Wednesday, November 10, 2010

Soup is Good Food

    The sky is gray and threatening rain. A chill wind is blowing and the air is cold and damp. It is soup season in Northern California. While I love, love, love all of the fruits and veggies available during the summer months, my favorite dishes and my favorite cooking techniques are those we turn to during the colder months. Hearty dishes, stick-to-the-ribs dishes, like braised meats served with polenta, stews filled with vegetables and potatoes, beans with sausage and sauerkraut, lasagna, chili, chicken and dumplings, and of course soup.  Vegetable soup with fresh dill and a dab of sour cream on top; navy bean soup with ham hocks, split pea, cream of potato, seafood chowder, beef barley with mushrooms, lentil, chicken with wild rice, turkey noodle, and clean-out-the-vegetable-bin soup; the list could go on and on. Many people figure there is no need to make homemade soup today because of the availability and wide variety of commercially prepared soups, but homemade soup is another animal all together. There is just no comparison.

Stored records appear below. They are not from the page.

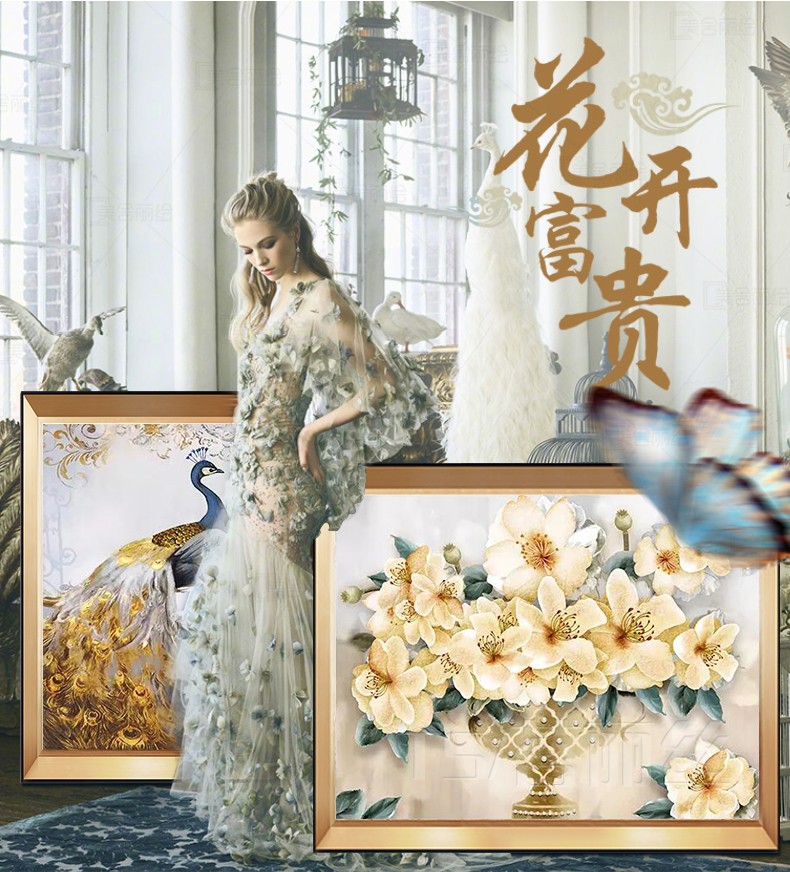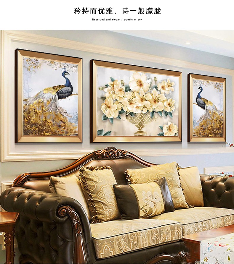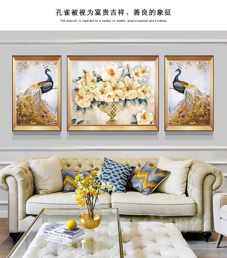 十字繡線繡2019新款歐式孔雀三聯畫全繡棉線精準印花客廳花卉刺繡1入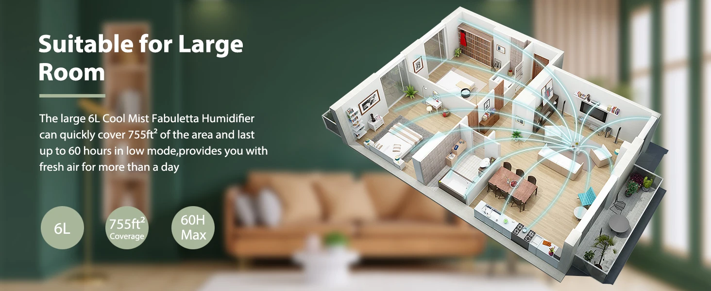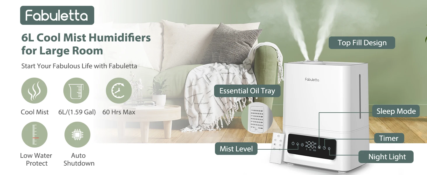 FABULETTA Humidifiers for Bedroom, 6L Cool Mist Humidifiers Top Fill Essential Oil Diffuser for Baby
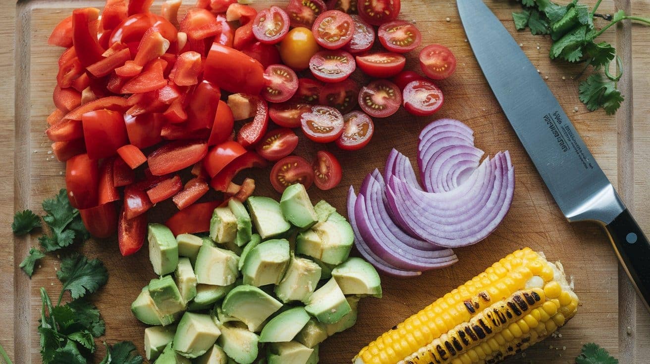 Dice the bell pepper, slice the red onion, halve the cherry tomatoes, and cube the avocado. Grill the corn if desired. Set all the veggies aside.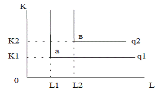 где q - объем производства, K - капитал как фактор производства, L - труд как фактор производства, a и b - коэффициенты пропорциональности данных факторов.
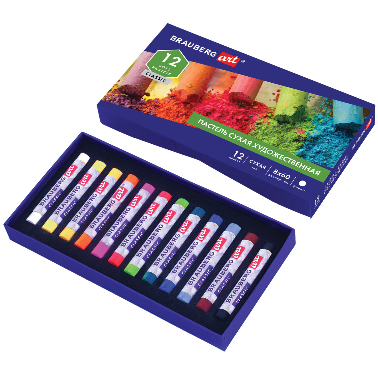 Пастель сухая художественная BRAUBERG ART CLASSIC, 12 цветов, квадратное сечение, 181464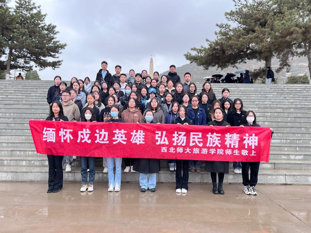 为深入贯彻落实党的二十大精神,落实“三抓三促”行动,强化爱国主义教育,弘扬民族精神,引导广大党员坚定理想信念、赓续红色血脉,2023年4月2日清明节来临之际,beat365官网联合舞蹈学院开展“缅怀戍边英雄、弘扬民族精神”为主题的爱国主义教育与主题党日活动。beat365官网专职辅导员赵新帮带队,四个学生支部共54名党员与部分入党积极分子参加。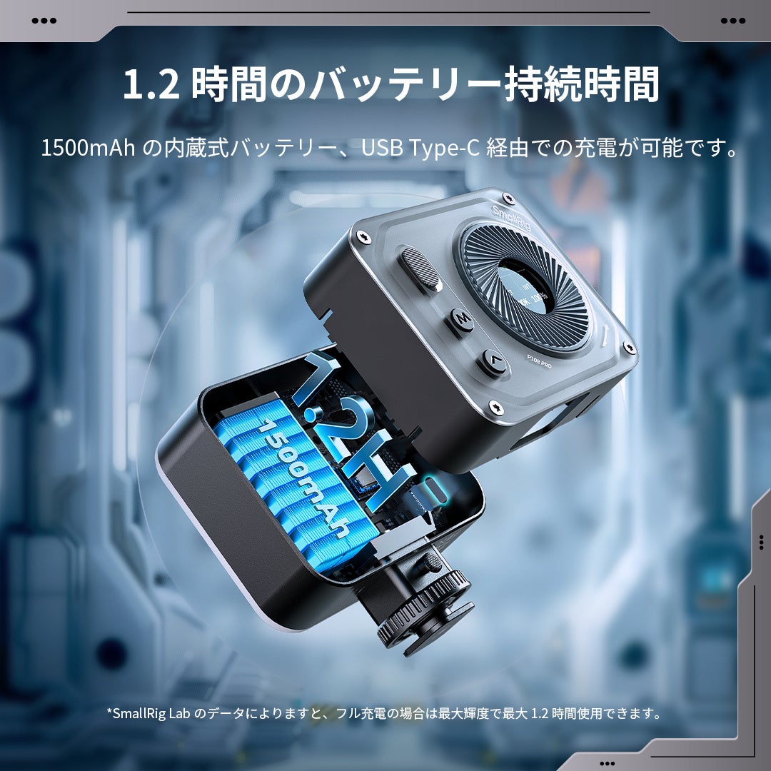 P96 ProとP108 Proには1500mAhのバッテリーが内蔵されており、最大出力で使用しても約1.2時間の長時間撮影が可能です。USB-Cポートを備えており、充電しながらライトを使用することもできます。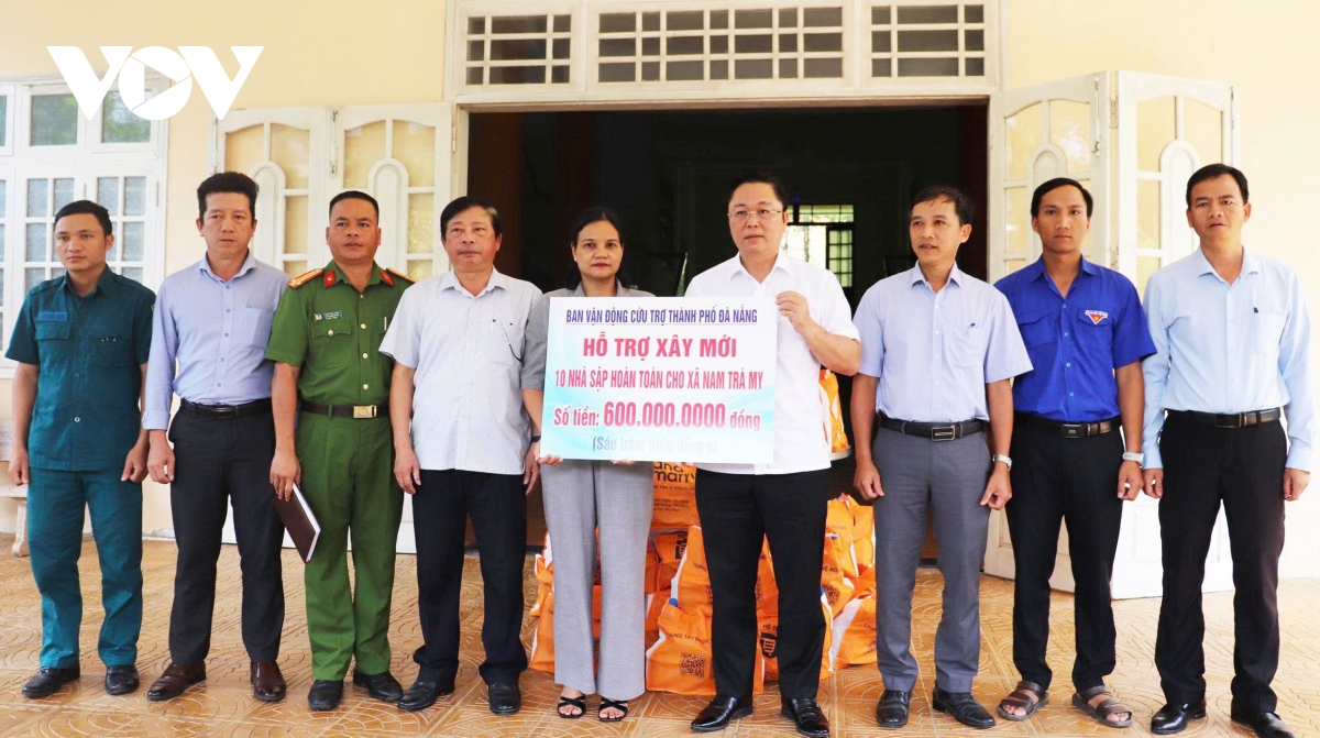 Ông Lê Trí Thanh, Chủ tịch Ủy ban Mặt Trận Tổ Quốc Việt Nam TP Đà Nẵng (thứ 4 từ phải qua) trao kinh phí hỗ trợ làm nhà tặng người dân xã Nam Trà My

    No store bought soup will fill your home for hours with the appetizing scents homemade soup generates. When a family member walks through the door from the cold outdoors they are met with tantalizing, warming aromas that say "welcome home." Homemade soup warms you inside and out because it says someone cared enough to take the time to make something special. Most soups are also amazingly economical to make and incredibly healthy for you as well. Even the richer cream soups can be made less fattening by substituting fat free half and half or fat free evaporated milk when cream or whole milk is called for. Making soup does not have to be complicated either. You can make a large batch of several different types of stock in one weekend to freeze for later or simply use one of the commercial stocks now so readily available. While there is a bit of prep work involved in making homemade stock it mostly involves allowing the ingredients to simmer for several hours, then straining and perhaps de-greasing.
    One of my favorite things to do is make a hodgepodge soup. This is comprised of whatever suitable ingredients I have on hand. I usually have a low salt commercial chicken base available  to use in place of homemade stock and canned tomatoes, of course. Onions and garlic always, carrots and celery most of the time, potatoes maybe, perhaps some cabbage or spinach, maybe a can or two of some kind of beans. If I have frozen peas or green beans they might go in. Seasoning generally includes a bay leaf or two. If I feel like "Italian," flavors a bit of rosemary and oregano might go in. Otherwise I might follow my Grandpa Ritter's direction and add some dill, along with a generous dose of black pepper. If I have a couple of pieces of leftover chicken in the frig I may shred them and throw in or a  bit of ham or sausage. Just be careful of the quantity of ingredients because a pot of soup has a way of just getting bigger and bigger.
    I begin the actual cooking process by chopping onions and garlic then sweat them a bit in a small amount of olive oil (sometimes I add the celery and carrots to this mix as well, but not always), then liquid ingredients are added, the other vegetables that require long cooking, and let it all simmer on the back burner until everything seems to be done, adjust the seasoning if needed, then throw in pasta or rice or anything that doesn't really need to cook for very long to finish things off.
    I like to accompany this type of soup with thick slices of fresh sourdough bread or one of the artisan breads our local supermarkets now carry. We might also have some type of cheese.   a Additionally, this is the perfect type of simple meal that allows for a splurge at the end - any thing that suits your fancy that compliments the type of soup you are serving - old fashioned baked apples, gingerbread with a dollop of whipped cream,  chocolate pudding, pineapple upside down cake, cherry crisp.
    I am hungry now and hear my soup pot calling. I hope you will give soup making a try.